In the latest UK workplace pension member research by Bravura, the leading technology provider to the world’s fund and wealth industries, has released a new report entitled ‘Pensions 2045: The Voice of the Saver’ to examine how people are interacting with their pension and planning for retirement.
It found that three-quarters of UK workplace pension holders are not being effectively supported by technology from providers as predicted incomes needed to retire comfortably continue to surge amid the cost-of-living crisis. This poor adoption of technology is stifling engagement with pensions and standing in the way of better retirement outcomes.
The research revealed that 75% of the 2,000 respondents did not have access to retirement income estimators, savings calculators or retirement goal trackers. Savers named all three of these technologies as their preferred tools for retirement planning. In addition, nine in ten members did not have access to tax planning, social security benefits estimators or interactive scenario modelling tools (9%).

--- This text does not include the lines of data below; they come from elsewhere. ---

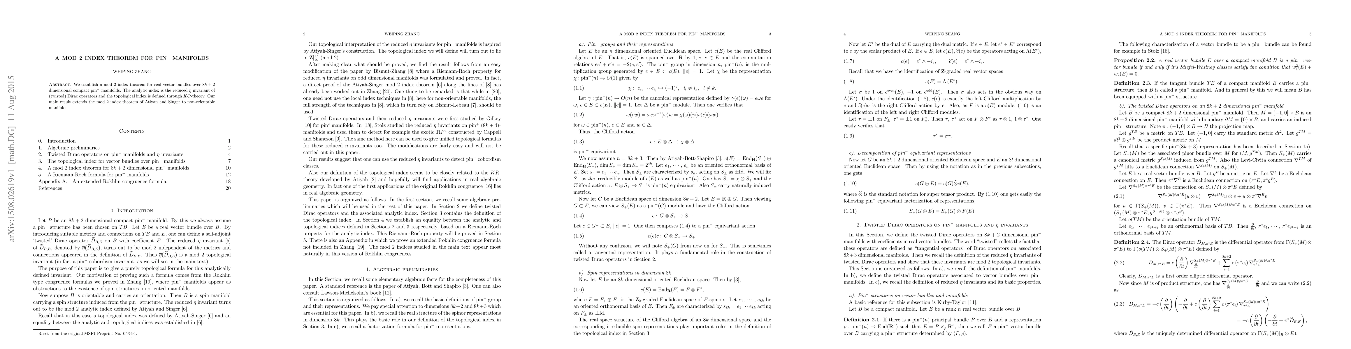 We establish a mod 2 index theorem for real vector bundles over 8k+2 dimensional compact pin$^-$ manifolds. The analytic index is the reduced $\eta$ invariant of (twisted) Dirac operators and the topological index is defined through $KO$-theory. Our main result extends the mod 2 index theorem of Atiyan and Singer to non-orientable manifolds.
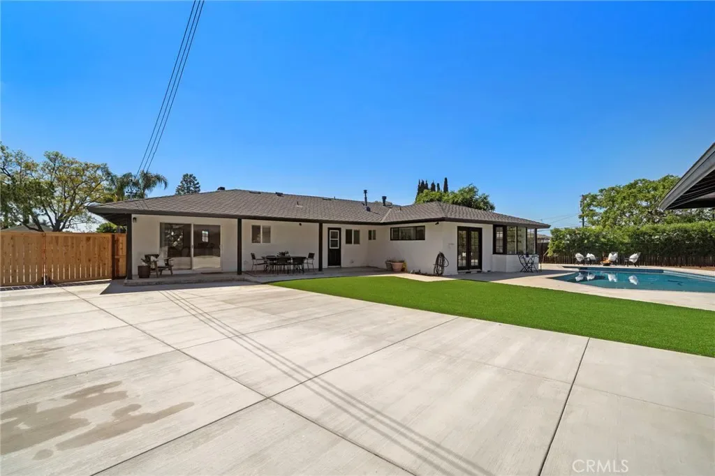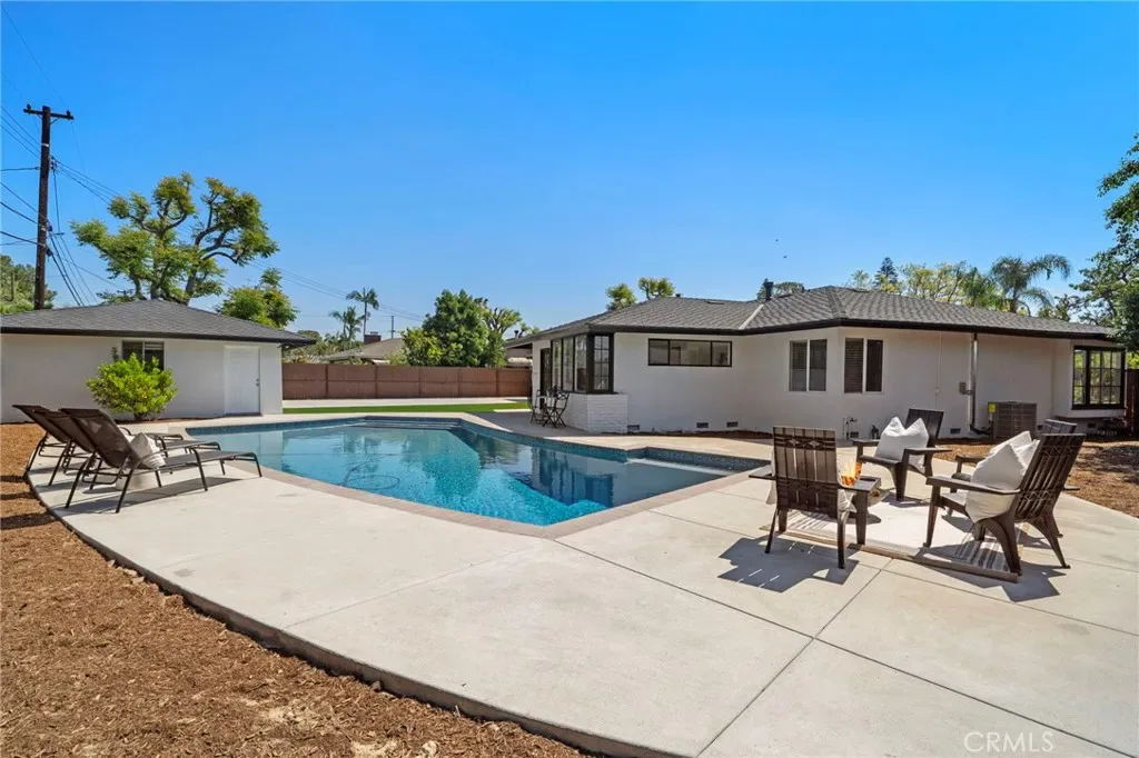Welcome to 18661 Vale Avenue, a quintessential example of California living in the heart of North Tustin. This beautifully maintained single-story ranch home offers a spacious and functional layout, featuring 4 bedrooms, 2 bathrooms, and inviting indoor-outdoor living designed for comfort and enjoyment. Step inside to discover bright, open living spaces enhanced by hardwood flooring, recessed lighting, and a seamless flow ideal for both everyday living and entertaining. The upgraded kitchen is thoughtfully appointed with high-end appliances, granite countertops, and custom cabinetry, complemented by a butler’s prep area for added convenience. Perfectly positioned at the center of the home, the kitchen opens to both the living and family rooms, creating a natural gathering space. The primary suite is generously sized, offering multiple closets and a well-appointed bathroom designed for relaxation. Three additional bedrooms and a shared hall bathroom provide flexibility for a growing household, guest accommodations, or a private home office with serene views of the pool and surrounding landscaping. Additional highlights include an interior laundry area and a brand new HVAC system, enhancing both comfort and efficiency. Step outside to a backyard built for enjoyment. The recently updated pool and deck create an ideal setting for entertaining or unwinding under the Southern California sun, with ample space to host, relax, and enjoy the outdoors. The detached oversized garage offers versatility—comfortably accommodating two vehicles, or presenting an excellent opportunity for a workshop or potential ADU conversion. Ideally located within walking distance to top-rated schools and just moments from shopping, dining, and major Orange County destinations, this North Tustin home delivers the perfect blend of comfort, flexibility, and lifestyle.
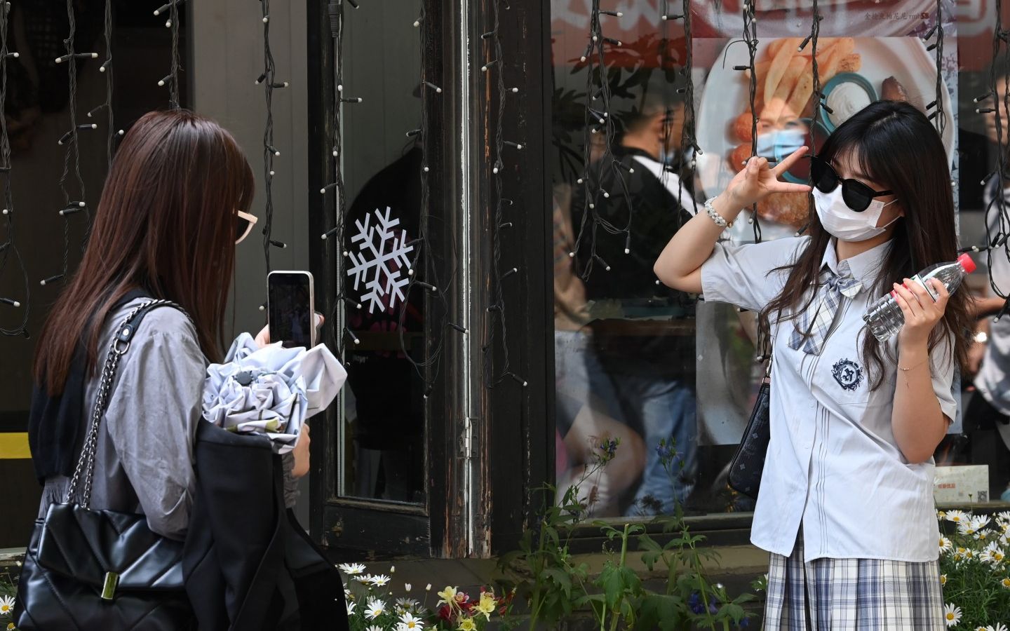 5月3日,南锣鼓巷,游客拍照留念。摄影/新京报记者 陶冉
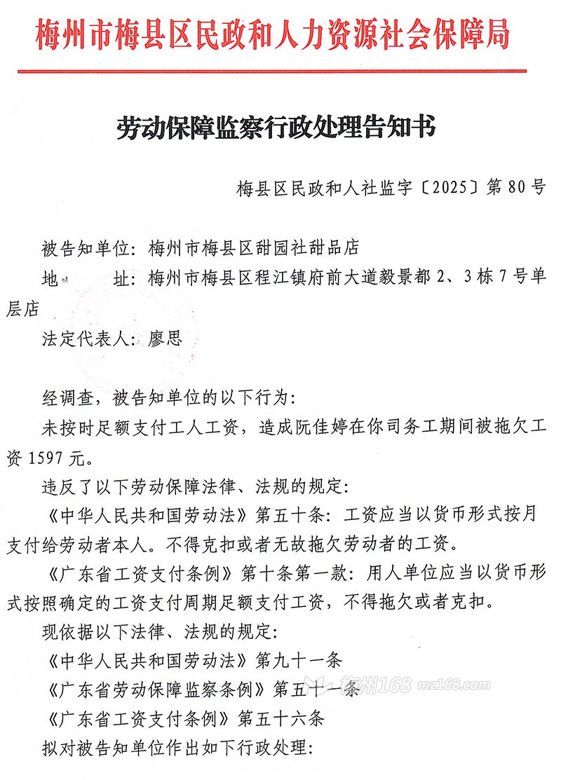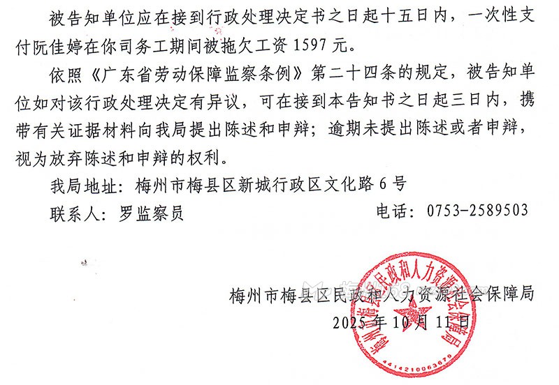 我局查处你单位拖欠阮佳婷工资一案,因无法联系你单位,依照《中华人民共和国民事诉讼法》第九十五条、《广东省劳动保障监察条例》第四十七条规定,现向你单位公告送达《劳动保障监察行政处理告知书》(梅县区民政和人社监字〔2025〕第80号),自公告之日起经过30日,即视为送达。

Looking ahead, half of respondents (49%) would engage more with their pension if it was accessible through their online banking account, with 85% preferring to access this information via a mobile app.
With the FCA’s Advice Guidance Boundary Review looking to lay out a proposed framework to supply affordable and scalable guidance solutions to members, 73% of respondents stated that they would use a digital advice service if it was offered through their pension providers.
In fact, the lack of digital advice is widely unpopular with respondents, with 72% stating that a lack of advice is a blocker to social mobility – a key goal of successive governments.
The vast majority (84%) believe that more people should have access to digital or financial advice to achieve better retirement outcomes. Members think providers have more of a responsibility for educating people about their pensions (55%), compared with anyone else – including the government’s Money Helper (49%), employers (46%) or schools (36%).
Bravura’s Proposition Lead EMEA, Jonathan Hawkins, said: “Our research shows there’s a clear opportunity for providers to take a more prominent role and deliver an outcome-based model to their members.
“It’s sad to see that most workplace members don’t have access to crucial retirement planning tools, given we’re well over a decade into the UK’s auto-enrolment journey. It, unfortunately, shows that we still have a long way to go to make our industry more competitive and focused on the needs of savers to encourage engagement.
“Dashboards will undoubtedly be an important step towards effectively modernising the UK’s pensions sector, and the industry needs to use this as a springboard to find its place in the open finance ecosystem and all the benefits it will bring to consumers.
“If you add to the mix Collective Defined Contribution (CDC) and potentially the Chancellor’s pensions mega schemes, many schemes, providers, TPAs and Master Trusts could quickly see their legacy business models go up in smoke without the appropriate investment in technology to create better member outcomes and lower costs to serve. No Provider, Master Trust, TPA or Scheme wants to be the pensions equivalent of “Blockbuster” when consumers want the pensions “Netflix”.”